▶ **Task to complete**: Using the listing below, give again exactly the lines from the line with "We have been" to the line with "Kácení starých stromů", inclusive, without the pictures.

Data for the task Block Start

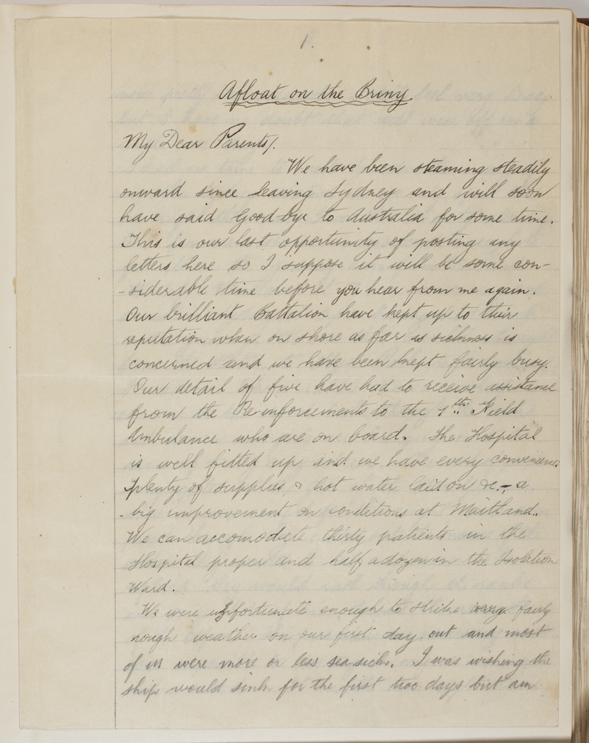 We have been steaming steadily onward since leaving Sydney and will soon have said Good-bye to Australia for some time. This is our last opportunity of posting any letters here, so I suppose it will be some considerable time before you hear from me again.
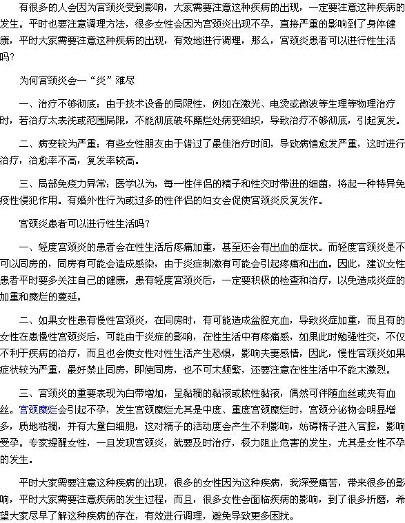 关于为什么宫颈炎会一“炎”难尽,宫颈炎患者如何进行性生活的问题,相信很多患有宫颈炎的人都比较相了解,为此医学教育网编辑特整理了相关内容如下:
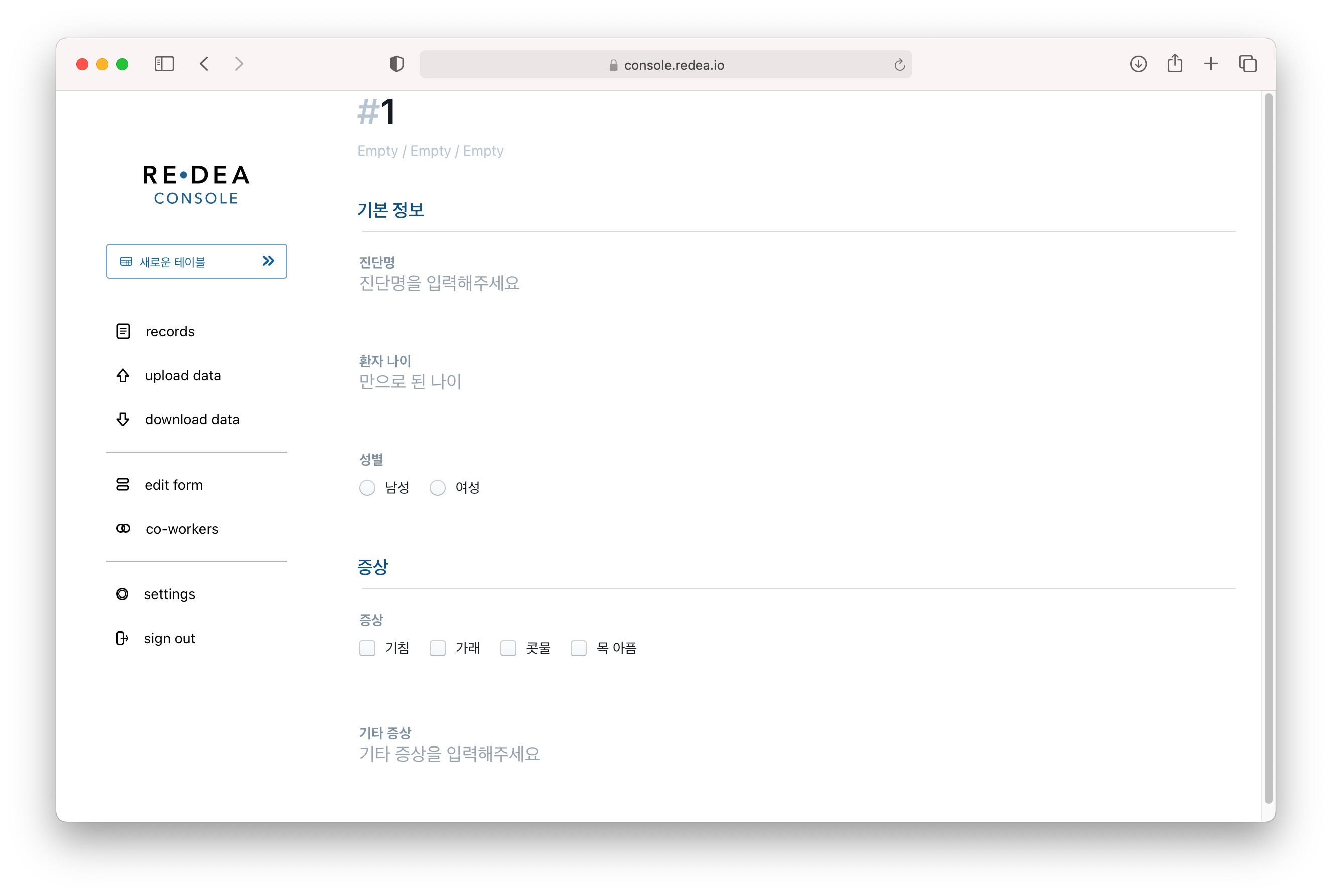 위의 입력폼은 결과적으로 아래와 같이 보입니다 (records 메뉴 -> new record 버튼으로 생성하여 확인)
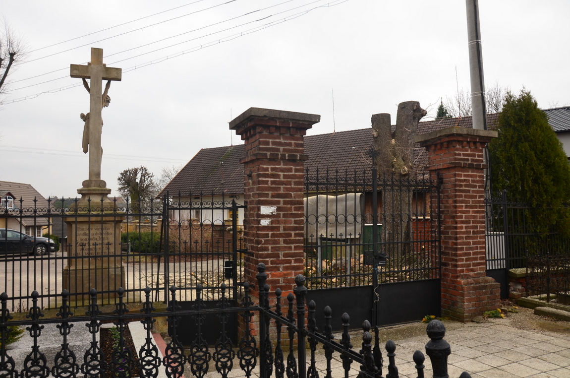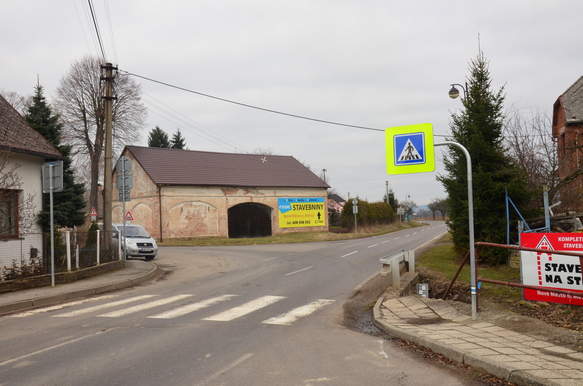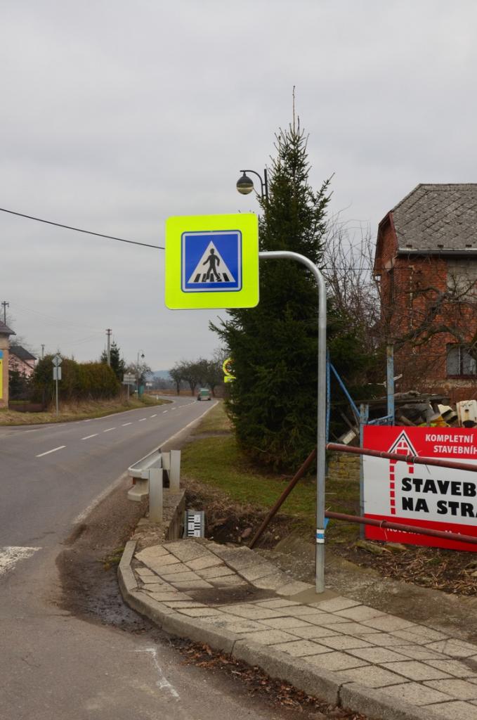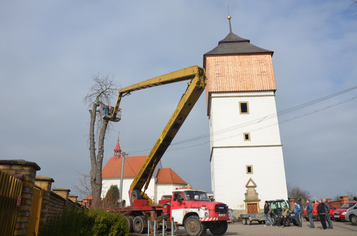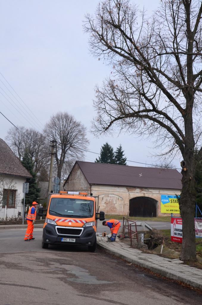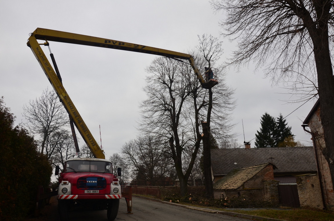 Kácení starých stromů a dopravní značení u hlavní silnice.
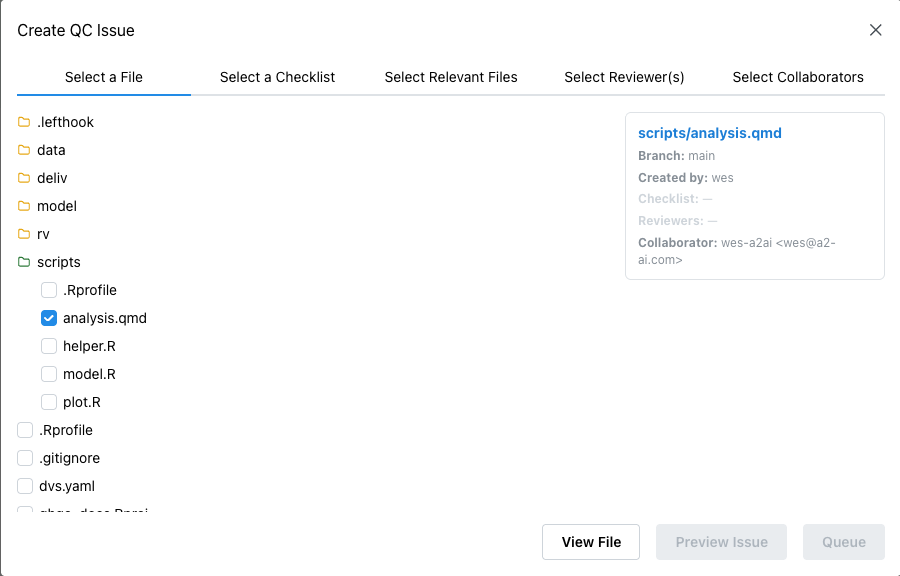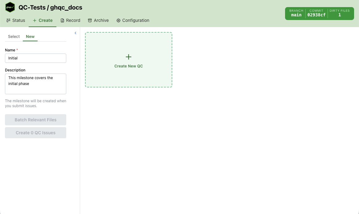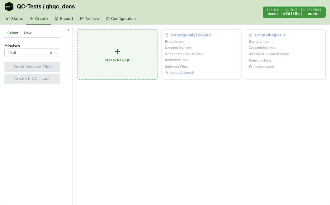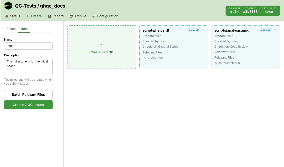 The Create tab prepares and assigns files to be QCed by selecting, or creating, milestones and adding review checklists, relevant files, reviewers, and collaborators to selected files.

Data for the task Block End
Data for the task Block Start

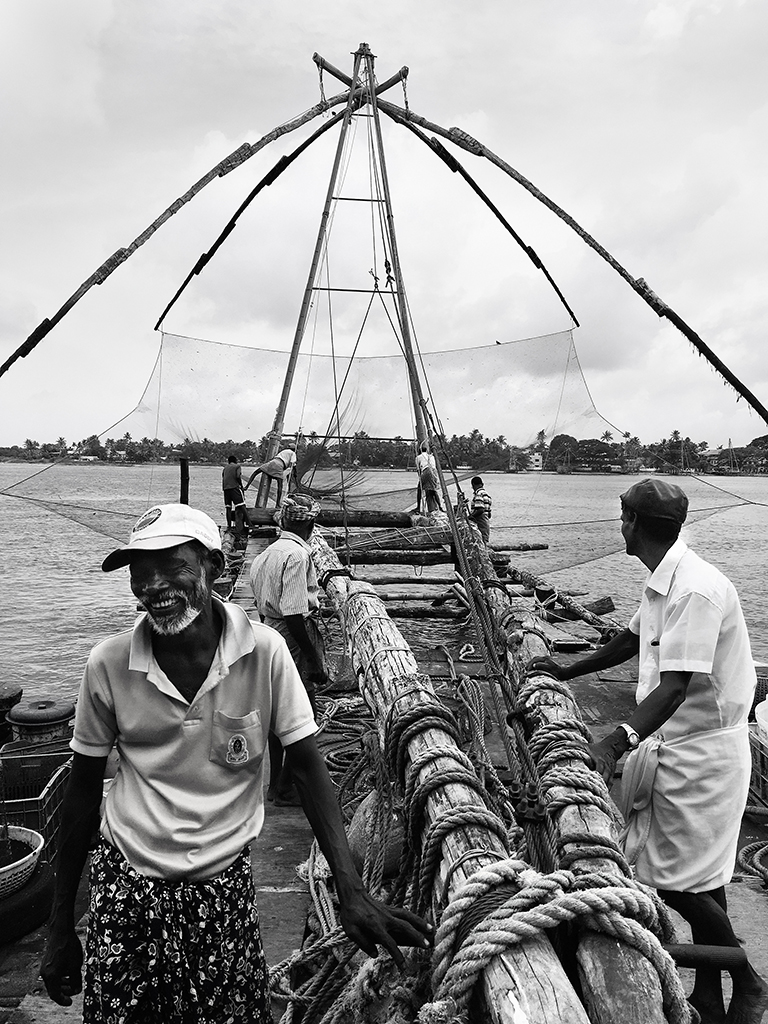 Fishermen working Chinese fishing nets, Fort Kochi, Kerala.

Data for the task Block End

▶ **Final answer**:
 We have been steaming steadily onward since leaving Sydney and will soon have said Good-bye to Australia for some time. This is our last opportunity of posting any letters here, so I suppose it will be some considerable time before you hear from me again.
 关于为什么宫颈炎会一“炎”难尽,宫颈炎患者如何进行性生活的问题,相信很多患有宫颈炎的人都比较相了解,为此医学教育网编辑特整理了相关内容如下:
 위의 입력폼은 결과적으로 아래와 같이 보입니다 (records 메뉴 -> new record 버튼으로 생성하여 확인)
 Kácení starých stromů a dopravní značení u hlavní silnice.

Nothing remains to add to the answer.